The expected result is an exact restatement of the data, free of pictures.

:: SUPPLIED DATA ::
- - -
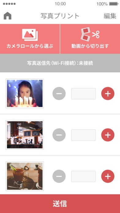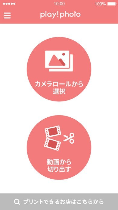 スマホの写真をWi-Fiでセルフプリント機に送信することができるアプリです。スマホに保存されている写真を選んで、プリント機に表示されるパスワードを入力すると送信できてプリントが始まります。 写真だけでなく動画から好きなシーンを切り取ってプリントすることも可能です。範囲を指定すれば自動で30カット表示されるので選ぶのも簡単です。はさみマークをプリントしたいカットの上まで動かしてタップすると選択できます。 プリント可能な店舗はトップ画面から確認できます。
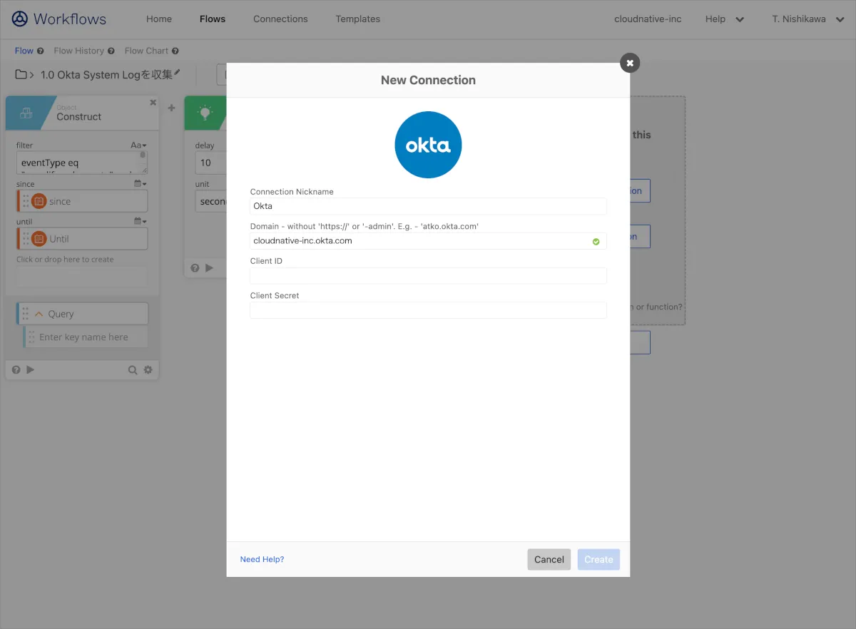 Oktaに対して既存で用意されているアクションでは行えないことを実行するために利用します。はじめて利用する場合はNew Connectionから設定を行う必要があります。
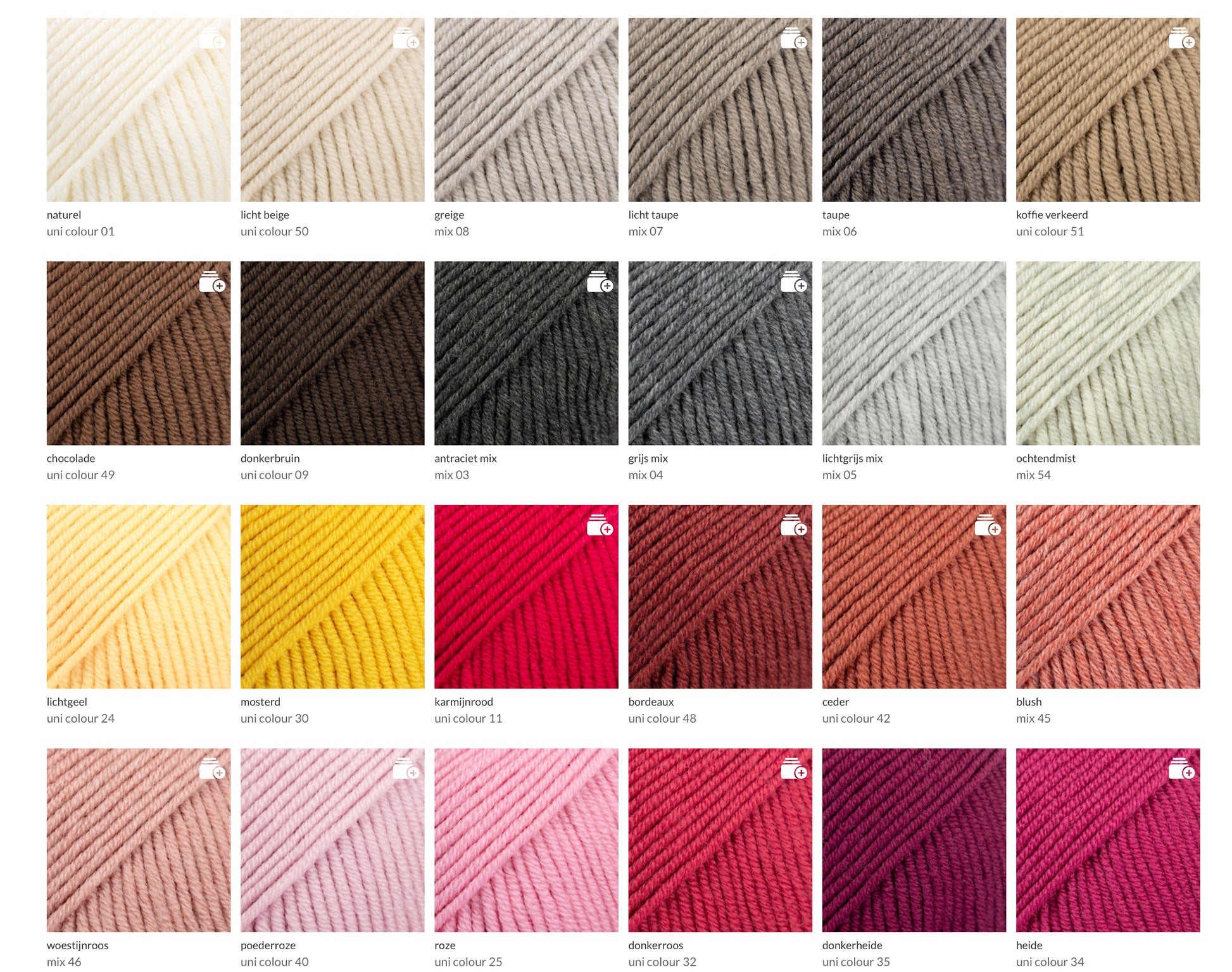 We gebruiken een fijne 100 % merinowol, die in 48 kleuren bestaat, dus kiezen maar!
- - -
:: ANSWER TO THE EXERCISE ::
 スマホの写真をWi-Fiでセルフプリント機に送信することができるアプリです。スマホに保存されている写真を選んで、プリント機に表示されるパスワードを入力すると送信できてプリントが始まります。 写真だけでなく動画から好きなシーンを切り取ってプリントすることも可能です。範囲を指定すれば自動で30カット表示されるので選ぶのも簡単です。はさみマークをプリントしたいカットの上まで動かしてタップすると選択できます。 プリント可能な店舗はトップ画面から確認できます。
 Oktaに対して既存で用意されているアクションでは行えないことを実行するために利用します。はじめて利用する場合はNew Connectionから設定を行う必要があります。
 We gebruiken een fijne 100 % merinowol, die in 48 kleuren bestaat, dus kiezen maar!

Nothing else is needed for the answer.